El 24 de enero de 1998 estaba en La Habana e iba a cenar en casa de un amigo en una humilde chabola de cemento en el distrito Playa. Había llegado pronto, porque el Comandante en Jefe Fidel Castro había anunciado una intervención en directo para hablar al pueblo sobre el acontecimiento del día siguiente en la Plaza de la Revolución: el Papa Juan Pablo II iba a celebrar una misa multitudinaria en la que era la primera visita de un Papa a la isla desde el triunfo de la Revolución de los barbudos en 1959; no olvidemos que Castro había crecido como cristiano y educado dentro de las normas jesuitas. Y era un acontecimiento especial para él.

Detrás de aquella visita hubo una intensa labor diplomática. Uno de sus protagonistas fue Joaquín Navarro-Valls, médico, periodista y portavoz de Juan Pablo II durante más de dos décadas.

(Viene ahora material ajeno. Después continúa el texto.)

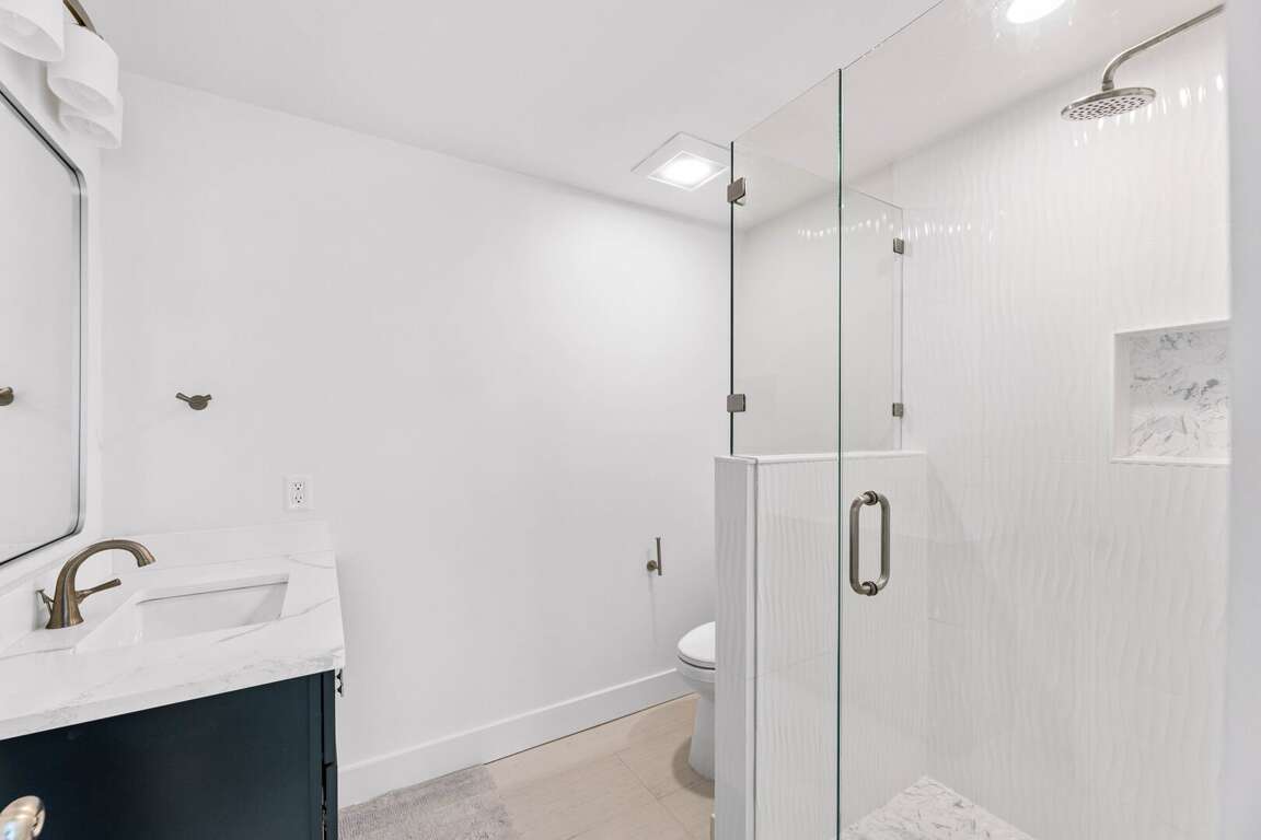 The main level features an inviting, open-concept living area with a well-appointed living room, a fully equipped kitchen, and a comfortable dining space. Step through the sliding glass door onto a spacious deck, complete with ample outdoor seating, ideal for relaxation. This level also includes two bedrooms, each with a king-size bed and a en-suite bathroom.<br />

Antes del viaje papal mantuvo una larga conversación con Fidel Castro y pudieron hablar de asuntos que durante décadas habían resultado prácticamente impensables en las relaciones entre la Iglesia y la Revolución cubana.

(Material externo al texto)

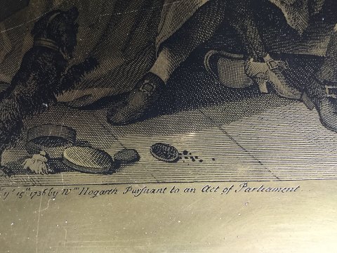 Gammel messing plade med motiv efter William Hogarth.

Entre las peticiones que Navarro-Valls trasladó al comandante figuraba una especialmente simbólica: la recuperación de la Navidad como festividad oficial. Desde finales de los años sesenta, el 25 de diciembre había dejado de ser día festivo en Cuba. La festividad había desaparecido del calendario oficial en el contexto de la construcción del Estado socialista.

Navarro-Valls contó que, durante aquella conversación, decidió transmitir también un mensaje personal. Le dijo a Fidel Castro que era un hombre afortunado porque el Papa rezaba todos los días por él.

Esta afirmación produjo un silencio inesperado en el líder cubano. El dirigente que durante décadas había representado el ateísmo oficial del Estado escuchaba que el jefe de la Iglesia católica lo incluía diariamente en sus oraciones. El «jefe» rezaba por él, y eso removió a Fidel.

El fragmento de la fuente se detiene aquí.